The structural "no per-row loop" assertions in the test suite are the hard
gate; this script is corroborating evidence with a generous floor to avoid the
flakiness of an absolute-time threshold. Run directly:

    python benchmarks/benchmark_fingerprinting.py
"""

import os
import platform
import re
import time

import pandas as pd

from hamilton.caching import fingerprinting as fp

# Swept so the speedup can be read as a function of frame size. Note it is not
# monotonic: at very large sizes the shared cost both paths pay (pandas'
# hash_pandas_object) dominates, narrowing the pandas speedup.
SIZES = (500, 5_000, 50_000, 500_000, 5_000_000)


def _cpu_model() -> str:
    try:
        with open("/proc/cpuinfo") as f:
            for line in f:
                if line.startswith("model name"):
                    return line.split(":", 1)[1].strip()
    except OSError:
        pass
    return platform.processor() or "unknown"


def _ram_info() -> str:
    import subprocess

    total = "unknown"
    try:
        with open("/proc/meminfo") as f:
            for line in f:
                if line.startswith("MemTotal"):
                    kb = int(re.search(r"\d+", line).group())
                    total = f"{kb / 1024 / 1024:.0f} GiB"
                    break
    except OSError:
        pass
    detail = ""
    try:
        out = subprocess.check_output(
            ["dmidecode", "-t", "memory"], text=True, stderr=subprocess.DEVNULL,
        )
        typ = re.search(r"^\s*Type:\s*(DDR\S*)", out, re.MULTILINE)
        spd = re.search(r"^\s*Configured Memory Speed:\s*(\d+\s*\S+)", out, re.MULTILINE)
        if not spd:
            spd = re.search(r"^\s*Speed:\s*(\d+\s*\S+)", out, re.MULTILINE)
        parts = [m.group(1) for m in (typ, spd) if m]
        if parts:
            detail = f" ({' '.join(parts)})"
    except (OSError, subprocess.CalledProcessError):
        pass
    return f"{total}{detail}"


def _print_env() -> None:
    import sys

    import polars as pl

    print("== Environment ==")
    print(f"  CPU      : {_cpu_model()} ({os.cpu_count()} logical cores)")
    print(f"  RAM      : {_ram_info()}")
    print(f"  Platform : {platform.system()} {platform.release()} ({platform.machine()})")
    print(f"  Python   : {sys.version.split()[0]}")
    print(f"  pandas   : {pd.__version__}")
    print(f"  polars   : {pl.__version__}")
    print()


def _old_hash_pandas_obj(obj) -> str:
    """The pre-change per-row pandas implementation, kept here for comparison."""
    from pandas.util import hash_pandas_object

    hash_per_row = hash_pandas_object(obj)
    return fp.hash_mapping(hash_per_row.to_dict(), ignore_order=False, depth=1)
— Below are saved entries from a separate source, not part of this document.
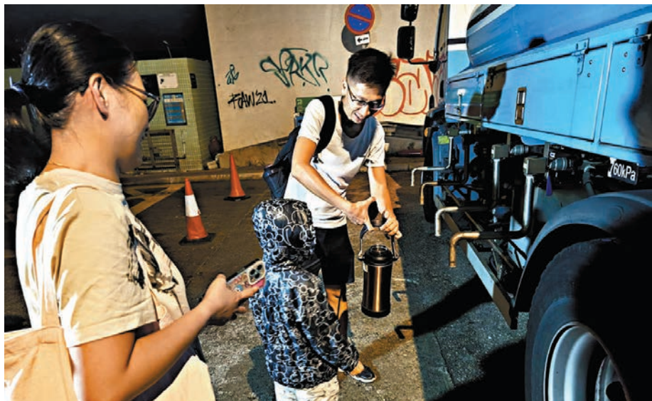
●一家大細漏夜攜同膠桶或水壺到樓下取水。
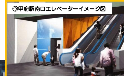
㊨甲府駅南口エレベーターイメージ図
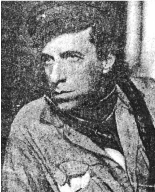
ماير هۆلڊ سالى 1922

دەرھینەری ناوداری ئەمریکی و ئەوروپی، ئەوانەى كه به تايبه تی و به مه به سستی ناسینی نمایشه كانی ستانسلافیسكى و ماير هۆلڊو دەرھینەرانى دى
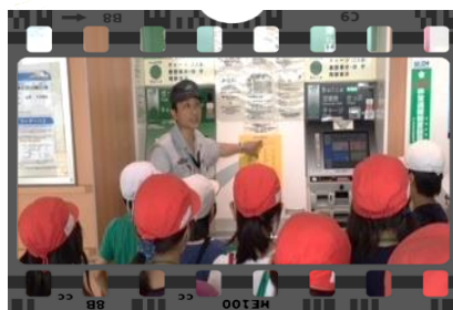
☆内野小学校：ユニバーサルデザイン体験

☆小・中学校の総合学習では、福祉とは「 ふ だんの く らしの し あわせ」であること、そのために地域でどのような取り組みが行われているのかを紹介しています。また、高齢者疑似体験や車いす、ユニバーサルデザインに実際にふれるなどの体験学習も行っています。学習を通して、相手の困りごとに気づき、思いやりの気持ちをもって行動できる人になって欲しいとメッセージを送っています。

def _old_hash_polars_dataframe(obj) -> str:
    """The pre-change per-element polars implementation, kept here for comparison."""
    schema_str = ",".join(f"{name}:{dtype}" for name, dtype in obj.schema.items())
    schema_hash = fp.hash_bytes(schema_str.encode())
    row_hash = fp.hash_sequence(obj.hash_rows().to_list(), depth=1)
    return fp._hash_bytes(schema_hash.encode() + row_hash.encode())
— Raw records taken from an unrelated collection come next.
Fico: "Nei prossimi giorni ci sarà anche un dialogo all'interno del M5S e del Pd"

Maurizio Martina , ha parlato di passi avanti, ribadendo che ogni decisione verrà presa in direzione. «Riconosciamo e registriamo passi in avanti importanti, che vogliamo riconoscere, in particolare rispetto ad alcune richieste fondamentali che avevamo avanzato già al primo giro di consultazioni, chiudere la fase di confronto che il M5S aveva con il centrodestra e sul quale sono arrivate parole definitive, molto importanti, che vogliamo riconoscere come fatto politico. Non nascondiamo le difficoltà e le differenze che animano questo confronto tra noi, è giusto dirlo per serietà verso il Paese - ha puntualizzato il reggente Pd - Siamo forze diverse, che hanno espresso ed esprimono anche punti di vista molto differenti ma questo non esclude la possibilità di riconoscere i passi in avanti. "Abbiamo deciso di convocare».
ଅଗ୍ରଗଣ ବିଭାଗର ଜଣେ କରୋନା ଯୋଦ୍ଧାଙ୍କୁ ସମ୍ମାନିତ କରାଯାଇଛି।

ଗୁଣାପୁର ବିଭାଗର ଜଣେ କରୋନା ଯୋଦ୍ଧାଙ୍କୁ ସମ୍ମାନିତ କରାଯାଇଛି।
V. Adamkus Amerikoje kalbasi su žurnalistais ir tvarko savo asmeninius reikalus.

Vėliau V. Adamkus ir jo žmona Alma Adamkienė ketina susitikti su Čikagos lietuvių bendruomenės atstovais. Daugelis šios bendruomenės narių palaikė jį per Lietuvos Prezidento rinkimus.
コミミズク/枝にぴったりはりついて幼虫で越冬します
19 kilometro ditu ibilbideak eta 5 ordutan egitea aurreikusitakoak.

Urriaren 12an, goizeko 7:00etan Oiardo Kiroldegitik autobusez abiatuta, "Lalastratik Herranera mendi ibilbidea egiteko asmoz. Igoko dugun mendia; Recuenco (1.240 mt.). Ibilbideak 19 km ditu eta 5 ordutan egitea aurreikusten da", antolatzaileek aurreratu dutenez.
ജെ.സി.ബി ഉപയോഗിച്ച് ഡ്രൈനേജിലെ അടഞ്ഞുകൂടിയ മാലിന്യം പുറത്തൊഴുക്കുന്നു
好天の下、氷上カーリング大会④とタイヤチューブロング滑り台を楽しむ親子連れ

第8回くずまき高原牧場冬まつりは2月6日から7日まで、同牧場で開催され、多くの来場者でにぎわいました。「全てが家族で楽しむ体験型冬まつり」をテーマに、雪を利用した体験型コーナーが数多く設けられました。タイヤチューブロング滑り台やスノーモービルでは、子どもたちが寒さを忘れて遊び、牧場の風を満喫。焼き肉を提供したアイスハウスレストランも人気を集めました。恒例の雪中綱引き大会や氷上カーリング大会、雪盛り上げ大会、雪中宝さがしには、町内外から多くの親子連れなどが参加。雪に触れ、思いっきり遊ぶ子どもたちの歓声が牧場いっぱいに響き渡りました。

def _time(fn, obj, repeats: int = 3) -> float:
    fn(obj)  # warmup: prime caches / lazy imports before timing
    best = float("inf")
    for _ in range(repeats):
        start = time.perf_counter()
        fn(obj)
        best = min(best, time.perf_counter() - start)
    return best


def _report(label: str, n_rows: int, old_fn, new_fn, obj) -> None:
    old = _time(old_fn, obj)
    new = _time(new_fn, obj)
    print(
        f"[{label} n={n_rows:>9,}] old per-row {old * 1e3:9.1f} ms  "
        f"vectorized {new * 1e3:8.1f} ms  speedup {old / new:6.1f}x"
    )


def _columns(n_rows: int) -> dict:
    return {
        "a": range(n_rows),
        "b": [float(i) for i in range(n_rows)],
        "c": [f"row-{i}" for i in range(n_rows)],
    }


def main() -> None:
    _print_env()

    try:
        import polars as pl
    except ImportError:
        pl = None
        print("[polars] not installed; skipping polars")

    for n_rows in SIZES:
        columns = _columns(n_rows)
        _report("pandas", n_rows, _old_hash_pandas_obj, fp.hash_pandas_obj, pd.DataFrame(columns))
        if pl is not None:
            _report(
                "polars", n_rows, _old_hash_polars_dataframe, fp.hash_polars_dataframe,
                pl.DataFrame(columns),
            )


if __name__ == "__main__":
    main()

Plotting code

# plot_benchmarks.py
"""Generate Plotly charts for PR2 and PR3 benchmark results.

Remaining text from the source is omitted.